Same ingress IP used across multiple clusters in VMware Tanzu Kubernetes Grid Edition (TKGI) 1.7
search cancel

Same ingress IP used across multiple clusters in VMware Tanzu Kubernetes Grid Edition (TKGI) 1.7

book

Article ID: 298730

calendar_today

Updated On:

Products

VMware Tanzu Kubernetes Grid Integrated Edition

Issue/Introduction

After creating a VMware Tanzu Kubernetes Grid Edition (TKGI) cluster using a network profile to specify the ingress_ip parameter in cni_configurations, the types of cluster creation listed below look correct but the virtual servers for ingress never gets created, as seen in the NSX-T UI page:
  • TKGI cluster created without a network-profile.
  • TKGI cluster created with a network profile not specifying the ingress_ip parameter in cni_configurations.

Cause

After creating a TKGI cluster using a network profile to specify ingress_ipfor subsequent clusters created with or without network profile, the http_and_https_ingress_ip parameter in NCP configuration (/var/vcap/jobs/ncp/config/ncp.ini) does not get overridden. As a result, NCP ends up picking the same ingress_ip which was used earlier to create virtual servers for the previous cluster.

Since the ingress_ip now being used is already allocated in the FIP pool, new virtual servers for ingress controller of subsequent clusters are not created.

Even though the cluster creation succeeds for the subsequent cluster, you can still see the failure in cluster logs stating the conflict (/var/vcap/sys/log/ncp/ncp.stdout.log):
[nsx@6876 comp="nsx-container-ncp" subcomp="ncp" level="INFO"] nsx_ujo.ncp.nsx.lb_layer4_service Assigned user specified ip 10.40.14.60 to Layer7 virtual servers
[nsx@6876 comp="nsx-container-ncp" subcomp="ncp" level="WARNING"] vmware_nsxlib.v3.client The HTTP request returned error code 409, whereas 201/200 response codes were expected. Response body {u'error_code': 5141, u'error_message': u'Requested IP Address 10.40.14.60 is already allocated.', u'httpStatus': u'CONFLICT', u'module_name': u'id-allocation service'}
[nsx@6876 comp="nsx-container-ncp" subcomp="ncp" level="ERROR" errorCode="NCP00164"] nsx_ujo.ncp.nsx.manager.base_k8s_nsxapi Failed to allocate ip from ip pool: NSX IP 10.40.14.60 is already allocated in ip pool efe30760-39c2-4644-b6b1-103b7cfe609e


How to reproduce this issue?

Using the following sequence to create TKGI clusters ends up duplicating the Ingress IP for the virtual servers deployed in NSX-T.

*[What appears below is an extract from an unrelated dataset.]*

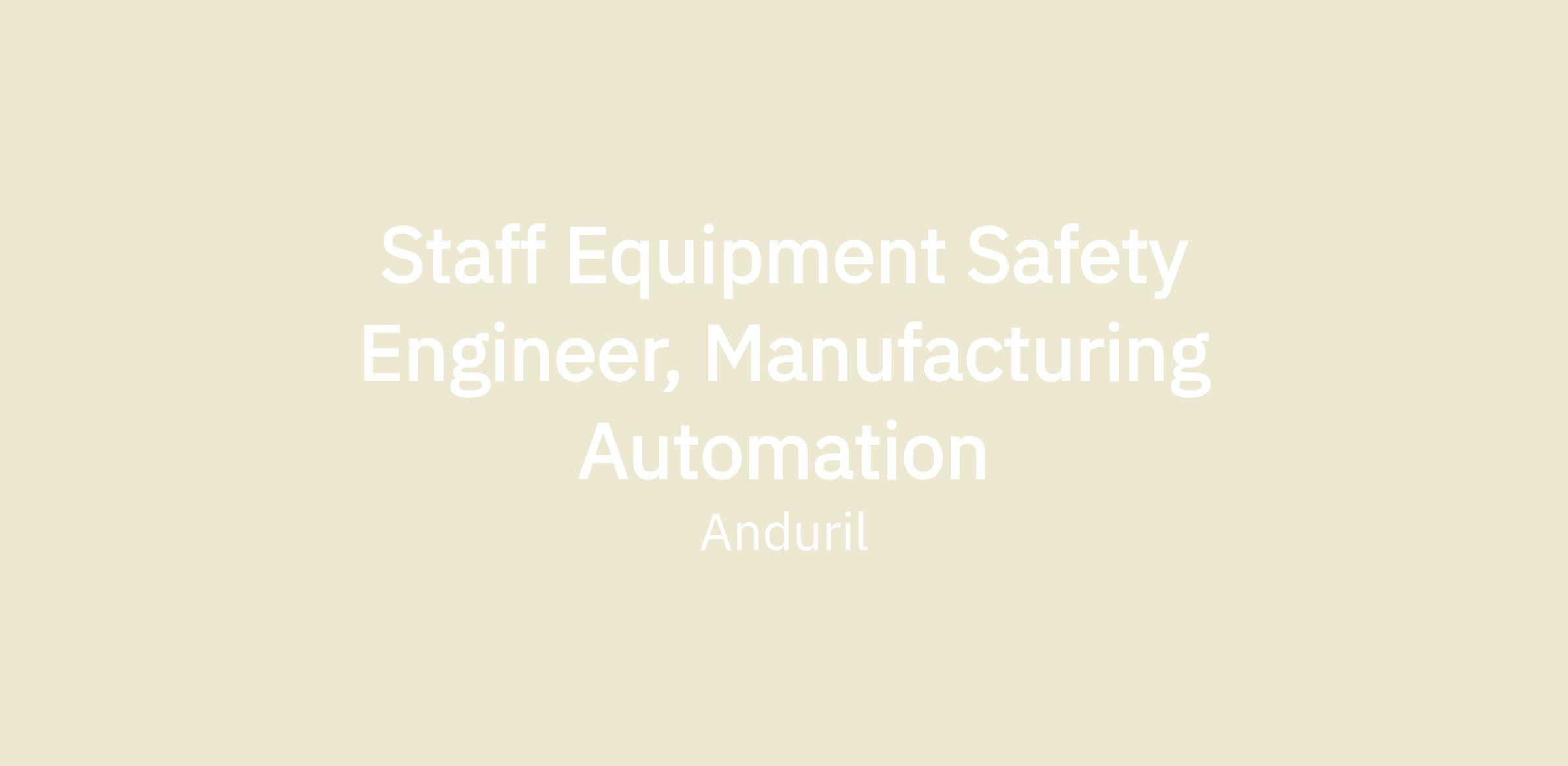 Anduril’s Manufacturing Automation team is seeking a Staff Equipment Safety Engineer to join our team. The Manufacturing Automation team is responsible for the design, integration, and deployment of automated manufacturing systems across Anduril factories. As a member of this team, you will have the opportunity to help define what production automation looks like for Anduril at a national scale.
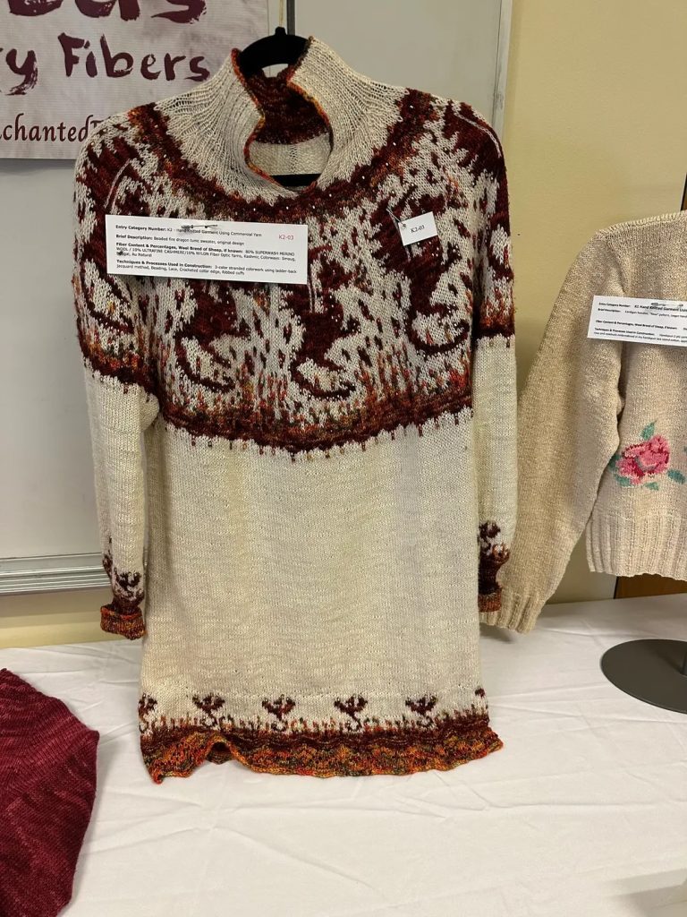 Karen submitted her fire dragon sweater and was absolutely robbed not to win an award. We think it’s her best work yet!

1. Create a TKGI cluster (cluster1) with a Network Profile (test-np1.json), which defines the ingress_ip parameter, under cni_configurations to manually specify an available FIP from the FIP pool.

Example: Network Profile (test-np1.json):

{
    "name": "test-np1",
    "description": "Network profile using API lookup mode",
    "parameters": {
      "nodes_dns": [
        "<redacted>"
        ],
      "fip_pool_ids": [
        "<redacted>"
        ],
      "dns_lookup_mode": "API",
      "cni_configurations": {
        "type": "nsxt",
        "parameters": {
        "ingress_ip": "10.40.14.60"
                }
        }
    }
}

2. Create another TKGI cluster (cluster2) with a Network Profile (test-np2.json) that does not manually specify a FIP for the ingress_ip parameter.

Example: Network Profile (test-np2.json):
{
    "name": "test-np2",
    "description": "Network profile using API lookup mode",
    "parameters": {
      "nodes_dns": [
        "<redacted>"
        ],
      "fip_pool_ids": [
        "<redacted>"
        ],
      "dns_lookup_mode": "API"
    }
}

3. BOSH SSH to the master VM for cluster1 and cluster2 and observe that ncp.ini under /var/vcap/jobs/ncp/config/ncp.ini have the same IP for http_and_https_ingress_ip parameter for both cluster1 and cluster2

4. Lastly, in the NSX-T Manager UI, navigate to Advanced Networking & Security > Load Balancing > Virtual Servers. You will see virtual servers created only for cluster1 and not for cluster2.

Environment

Product Version: 1.7
OS: Ubuntu

Resolution

Workaround

For now, a workaround to resolve this issue is to explicitly use a network profile that specifies a new IP for the ingress_ip parameter in cni_configurations with each TKGI cluster creation so that old ingress_ip gets overridden in NCP configurations (ncp.ini) on TKGI cluster nodes.